TASK ITEM: What needs reproducing is the run of lines in the data below starting at the line with "Cove near Grand Baie, Mauritius" and ending at the line with "French Creek fishes", both ends included. Copy it exactly, without pictures, and add nothing.

EXCERPTED DATA:
※ ※ ※

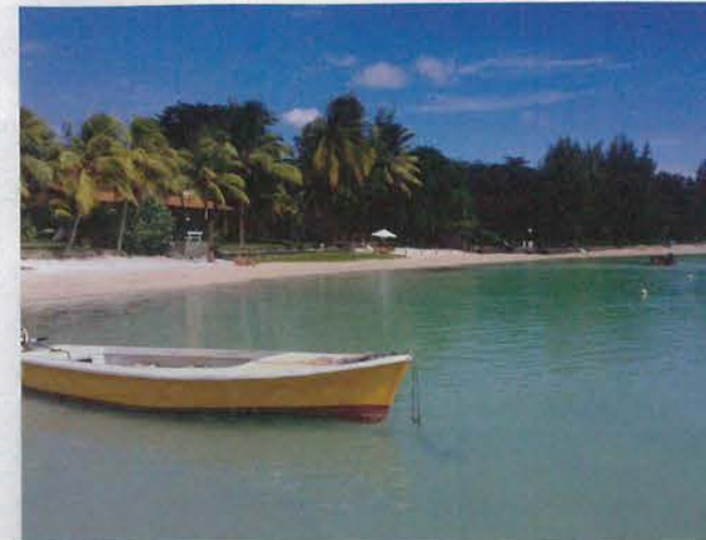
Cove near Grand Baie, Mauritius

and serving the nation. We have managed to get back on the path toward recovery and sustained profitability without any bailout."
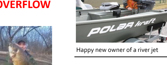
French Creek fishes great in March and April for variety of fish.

※ ※ ※

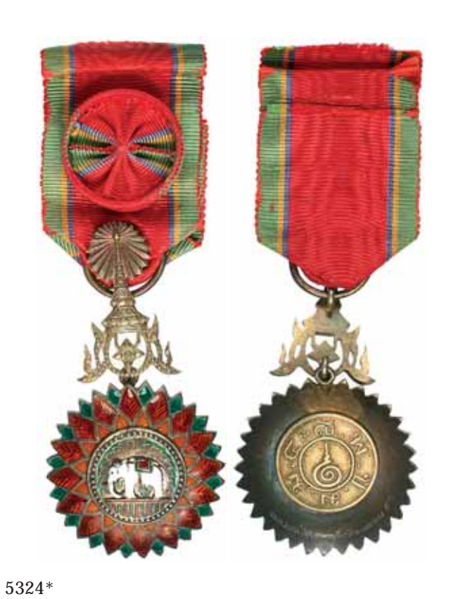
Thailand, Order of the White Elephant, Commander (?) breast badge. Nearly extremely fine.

※ ※ ※

EXERCISE SOLUTION:
Cove near Grand Baie, Mauritius

and serving the nation. We have managed to get back on the path toward recovery and sustained profitability without any bailout."
French Creek fishes great in March and April for variety of fish.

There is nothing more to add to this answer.